Time to delete Yik Yak, the perfect app for bullies and cowards

It’s become too cruel


Bitching is a good thing. It’s a skill that allows us to cooperate in large numbers and achieve remarkable things. 

It lets us know who we can trust, who we can’t and who’s shagging each other. It protects us from cheaters and unreliables. It’s the key to forging tighter and more sophisticated bonds of coordination.

The point about bitching – which every successful gossiper knows – is that the subject of the bitching doesn’t find out about it. They never know you and your co-bitchers deconstructed them right down to the atomic level.

I think we can all agree how important this is. Imagine a world where everyone knew what everyone else was saying about them. The streets would run with blood.

Yik Yak has taken bitching and done something very strange and new to it. On Yik Yak gossip becomes public. Simultaneously the anonymity of the gossipers is protected. The public and private are being smashed together, mixed up and confused with disturbing consequences.

He’s probably calling someone a cunt

Two weeks ago, a Bristol economics lecturer refused to teach her class after she discovered they’d been using Yik Yak to make sexual comments about her. Having seen the Yaks, I can confirm they were bad, but nothing you haven’t said about half a dozen people over the course of your life, nothing out out of the ordinary.

What was out of the ordinary was the way they were published in public, in real time as she gave her lectures. And that’s not the only example of it being used cuntishly.

I like Yik Yak. Frequently it’s so funny that I find myself preparing my laughter before I even open the app, but I’m not sure it’s good for us. It’s not humorously impaired to ask that the cruelest bitching be done in privately, the way it’s been done so successfully for so long.

We shape our tools and then our tools shape us. Yik Yak is shaping us into funny, uncomfortable, awkward, cruel people who get revenge on the world by making comments that ought to stay private, public.

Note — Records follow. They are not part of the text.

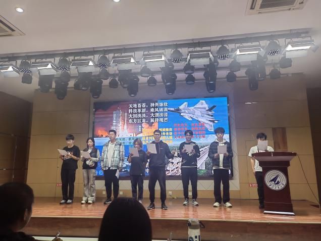 朗诵会分线上和线下两个环节,21个小组经过抽签登台表演,其他小组线上提交作品参赛。现场同学们围绕“歌唱祖国”“弘扬工大精神”和“反映新时代伟大变革”等主题,饱含深情歌唱对祖国的无限热爱与崇高敬意,抒发《航天逐梦》《翱翔》《星辰大海》的理想,礼赞《盛世华章》《民族团结永不息》《新思想引领中国梦》的成就,诉说《乡村与祖国的交响》《大山的故事》,表达《以青春之我·创造青春之中国》的万丈豪情。同学们声情并茂的朗诵、真诚投入的表演,配合精心准备的视频、背景、画外音,赢得了现场观众的阵阵掌声。
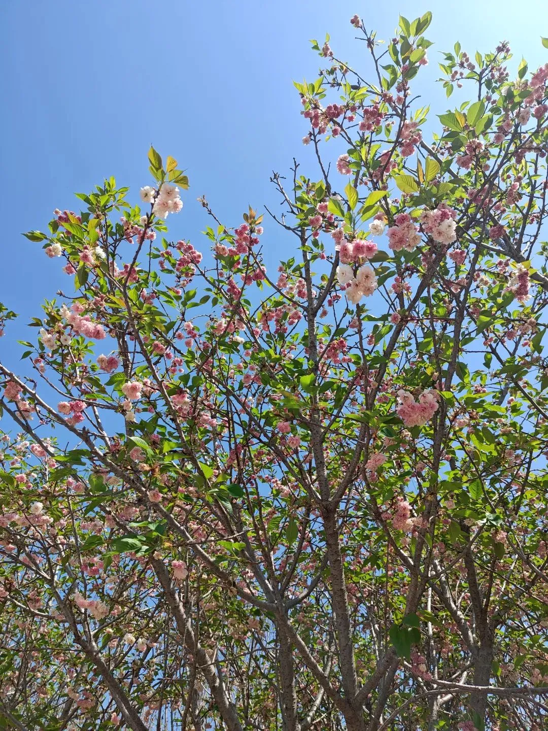 在秘境花园前面有一片樱花丛,好在来得不算太迟,尚有一两棵还有满树樱花,其他的都已凋谢,满满一地枯萎的樱花。实不相瞒,我来这很大原因也是被红书上的樱花图给诱惑来的。开得正盛的樱花确实抓眼啊,是一种极温柔极温柔极温柔的粉色,蓝天做衬,它们是春天的笑靥。
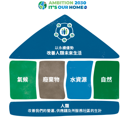 我們在營運及供應鏈,大幅減少溫室氣體的淨排放量,以實現我們的零排放目標。就我們營運及供應鏈的任何剩餘排放量,我們亦會透過自然或技術解決方案的推動,以抵消等量的溫室氣體排放量。為了加快實現 2040 年淨零排放,我們先為 2030 年訂立多個以科學為本的短期目標。

Those toxic yaks in Bristol are a prefiguration of worse to come. Our shared parent, the one who built the world we live in, the one who shapes all our conversations, is an geek who talks like a computer, who doesn’t do empathy, who doesn’t believe in privacy – Mark Zuckerberg. 

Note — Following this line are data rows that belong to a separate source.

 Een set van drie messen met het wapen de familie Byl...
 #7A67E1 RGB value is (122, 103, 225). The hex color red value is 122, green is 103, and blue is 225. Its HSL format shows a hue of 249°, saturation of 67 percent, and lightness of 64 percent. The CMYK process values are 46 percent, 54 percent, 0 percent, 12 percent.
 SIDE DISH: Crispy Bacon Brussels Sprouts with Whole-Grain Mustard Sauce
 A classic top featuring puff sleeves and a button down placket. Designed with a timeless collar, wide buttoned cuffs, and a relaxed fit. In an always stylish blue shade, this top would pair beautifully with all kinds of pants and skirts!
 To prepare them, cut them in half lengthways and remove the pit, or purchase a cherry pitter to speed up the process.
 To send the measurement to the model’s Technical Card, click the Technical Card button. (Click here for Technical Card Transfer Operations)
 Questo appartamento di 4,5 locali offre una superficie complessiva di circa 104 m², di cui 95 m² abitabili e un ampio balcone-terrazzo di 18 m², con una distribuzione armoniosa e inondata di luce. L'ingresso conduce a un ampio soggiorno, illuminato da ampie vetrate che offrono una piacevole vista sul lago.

Yik Yak is turning into a place where we’re all Zuckerbergs, with dead fish handshakes and a refusal to look people in the eye, a public space to gather in and bully anyone we don’t like. We’re becoming cowards who wouldn’t say shit to the faces of the people we’re destroying.

At the risk of endorsing violence, next time you want to use Yik Yak to get personal with someone, why not offer them out instead? Your cousins, their cousins, no shanks and an abandoned industrial estate where you can get completely Clockwork Orange with each other.

That’s a much more civilized solution.